• _What to produce_
From the line holding "Paz, nostalgia y" through the line holding "Ring 18 kt GG." below, write out every line exactly; include both of those lines and drop the pictures.

• _Given entries_
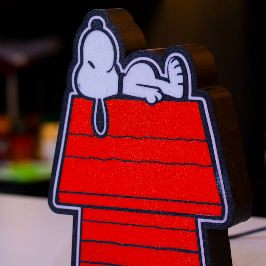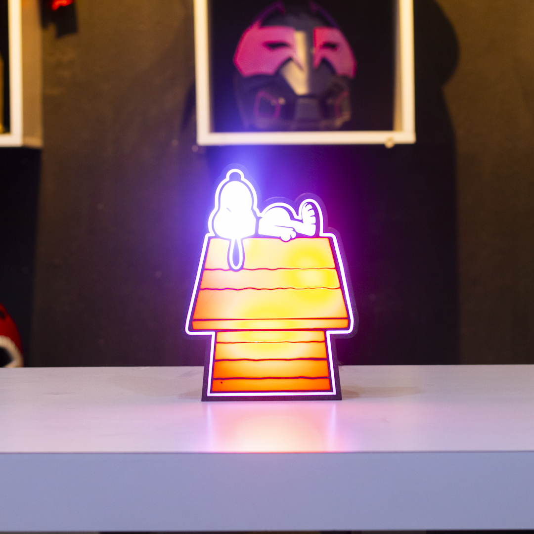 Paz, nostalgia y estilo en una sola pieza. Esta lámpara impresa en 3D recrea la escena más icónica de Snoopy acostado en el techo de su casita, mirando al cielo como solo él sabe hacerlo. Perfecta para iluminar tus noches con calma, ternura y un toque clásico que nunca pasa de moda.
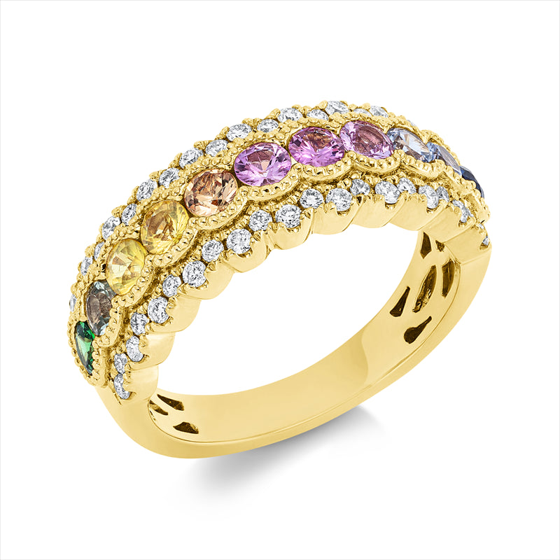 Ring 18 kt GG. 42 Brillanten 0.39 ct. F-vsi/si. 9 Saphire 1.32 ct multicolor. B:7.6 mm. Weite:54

* * *

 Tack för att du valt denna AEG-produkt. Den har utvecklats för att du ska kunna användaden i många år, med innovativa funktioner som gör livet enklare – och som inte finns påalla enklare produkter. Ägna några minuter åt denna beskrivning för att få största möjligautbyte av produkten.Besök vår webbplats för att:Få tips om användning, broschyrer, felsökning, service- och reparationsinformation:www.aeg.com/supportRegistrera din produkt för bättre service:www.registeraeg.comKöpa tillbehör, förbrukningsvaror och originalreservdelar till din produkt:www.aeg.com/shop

• _Task solution_
 Paz, nostalgia y estilo en una sola pieza. Esta lámpara impresa en 3D recrea la escena más icónica de Snoopy acostado en el techo de su casita, mirando al cielo como solo él sabe hacerlo. Perfecta para iluminar tus noches con calma, ternura y un toque clásico que nunca pasa de moda.
 Ring 18 kt GG. 42 Brillanten 0.39 ct. F-vsi/si. 9 Saphire 1.32 ct multicolor. B:7.6 mm. Weite:54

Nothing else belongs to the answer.